CONS: Cumbersome, tedious and difficult to automate without having machines do their construction in virtual reality. Even then, “a roboticist would say that [virtual reality] is still only an approximation,” Ortiz says. “In the real world, when you pick up an object, it might slip, or there might be a breeze to deal with. It’s hard for a virtual world to faithfully simulate all those nuances.”
DIFFICULTY LEVEL: Science-fictional. An embodied AI that can competently manipulate objects and coherently explain its actions would essentially behave like a droid from Star Wars—well beyond the current state of the art. “To execute these tasks at the level at which children can do them routinely is an enormous challenge,” Ortiz says.

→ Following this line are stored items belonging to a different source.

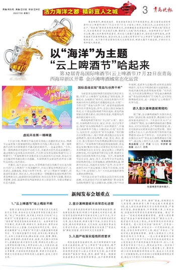 青岛啤酒节,醉美西海岸。青岛西海岸新区召开新闻发布会,第32届青岛国际啤酒节(云上啤酒节)将于7月22日至7月31日在线上举行,为期10天,让全球观众足不出户,“零距离”感受青岛特色啤酒文化,持续擦靓青岛西海岸新区“啤酒之城”国际名片,充分展现青岛“活力海洋之都、精彩宜人之城”的风采魅力。本届啤酒节以“海洋”为主题,精心组织策划明星嘉宾、网红达人演播厅直播互动,国际国内酒吧连线,世界各地演艺团体视频连线,探店VCR,线上主题之夜等系列“云上啤酒节”直播和云上商贸板块活动。线下将不再安排相关的文化体育活动,啤酒大篷不开放运营,不举行灯光秀和焰火秀表演。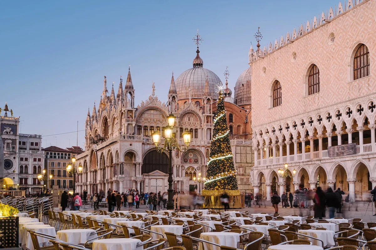 You’ll find San Marco at its most enchanting in December, when a towering Christmas tree glows beside the Basilica’s ornate façade, and quiet carols drifting from churches at dusk.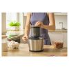 - Tartozékok: Rozsdamentes aprító penge, megfordítható tárcsa, szűkítő, tartály, 2 fedél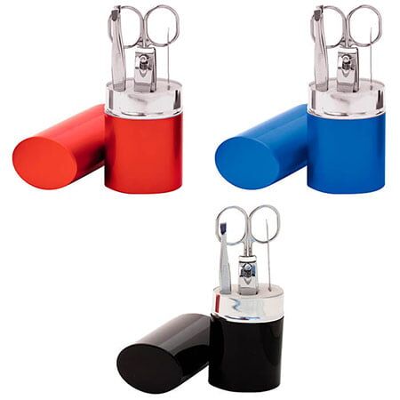 Set de manicura en estuche ovalado de metal, con 4 piezas (cortaúñas, lima de metal, pinzas para cutículas y tijeras). . Medidas: 11.5x4.5 cm.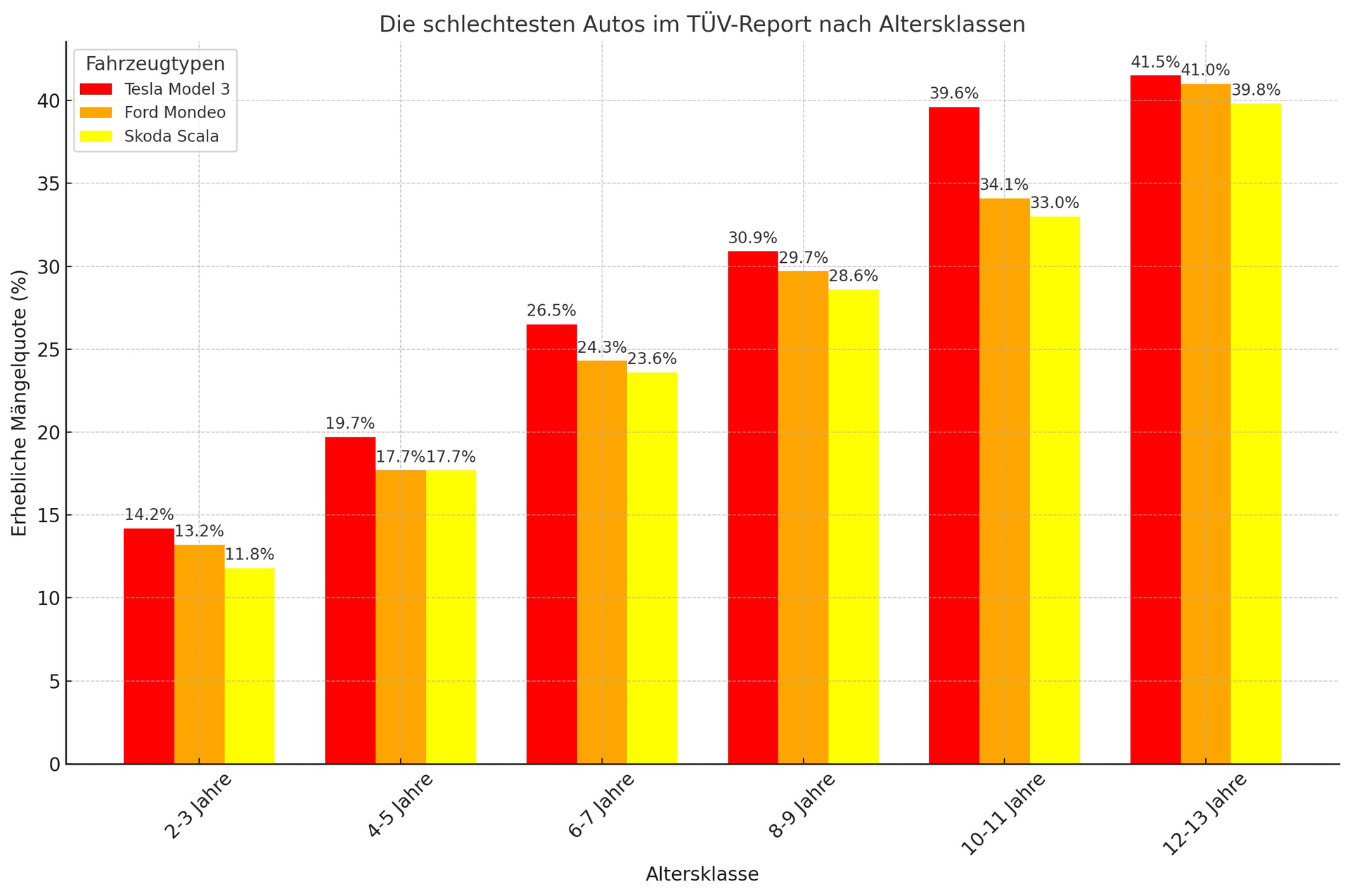 Die Statistik von TÜV-Report 2025 zeigt, welche Fahrzeuge in unterschiedlichen Altersklassen die höchsten Mängelquoten aufweisen. Auffällig ist, dass Modelle von Dacia und Renault in älteren Fahrzeugklassen konstant hohe Werte erreichen, während das Tesla Model 3 insbesondere bei jüngeren Fahrzeugen negativ auffällt. [caption id="attachment_117090" align="alignnone" width="1024"]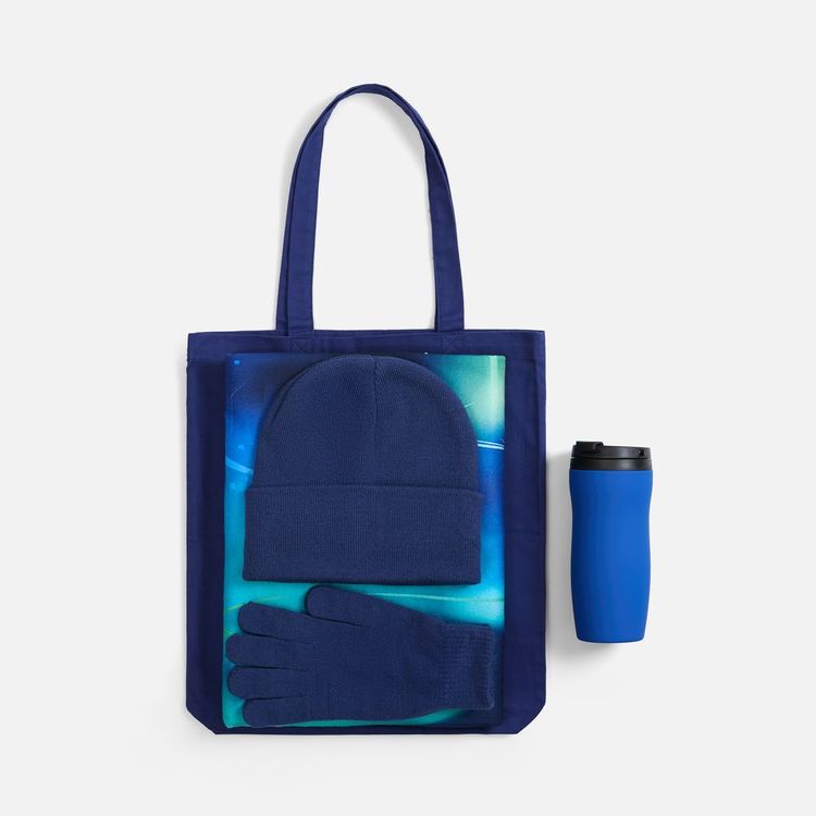 - Набор «Ваше сиятельство» — это выражение заботы и нетривиальный комплимент в одном шопере! В нем тонко переплетены дух современного города и очарование северной сказки. Его элементы лаконичны и функциональны, а главная изюминка — живописный плед с изображением северного сияния — добавляет ноту настоящего чуда.

TEST 04: I-Athlon: In a battery of partially or completely automated tests, an AI is asked to summarize the contents of an audio file, narrate the storyline of a video, translate natural language on the fly and perform other tasks. The goal is to create an objective intelligence score. Automation of testing and scoring—without human supervision—is the hallmark of this scheme. Removing humans from the process of evaluating machine intelligence may seem ironic, but Murray Campbell, an AI researcher at IBM (and a member of the team that developed Deep Blue), says it is necessary to ensure efficiency and reproducibility. Establishing an algorithmically generated intelligence score for AIs would also free researchers from relying on human intelligence—“with all its cognitive biases,” Campbell notes—as a yardstick.
PROS: Objectivity, at least in theory. Once I-Athlon judges decided on how to score each test and weight the results, computers would do the actual scoring and weighting. Judging the results should be as cut-and-dried as reviewing an Olympic photo finish. The variety of tests would also help identify what the IBM researchers call “ broadly intelligent systems.”
CONS: Inscrutability, potentially. I-Athlon algorithms might give high marks to AI systems that operate in ways that researchers do not fully understand. “It is quite possible that some decisions of advanced AI systems will be very difficult to explain [to humans] in a concise and understandable way,” Campbell admits. This socalled black box problem is already becoming an issue for researchers working with convolutional neural networks.
DIFFICULTY LEVEL: It depends. Current systems could perform quite well on some potential I-Athlon events, such as image understanding or language translation. Others, such as explaining the contents of a video narrative or drawing a diagram from a verbal description, are still in the realm of sci-fi.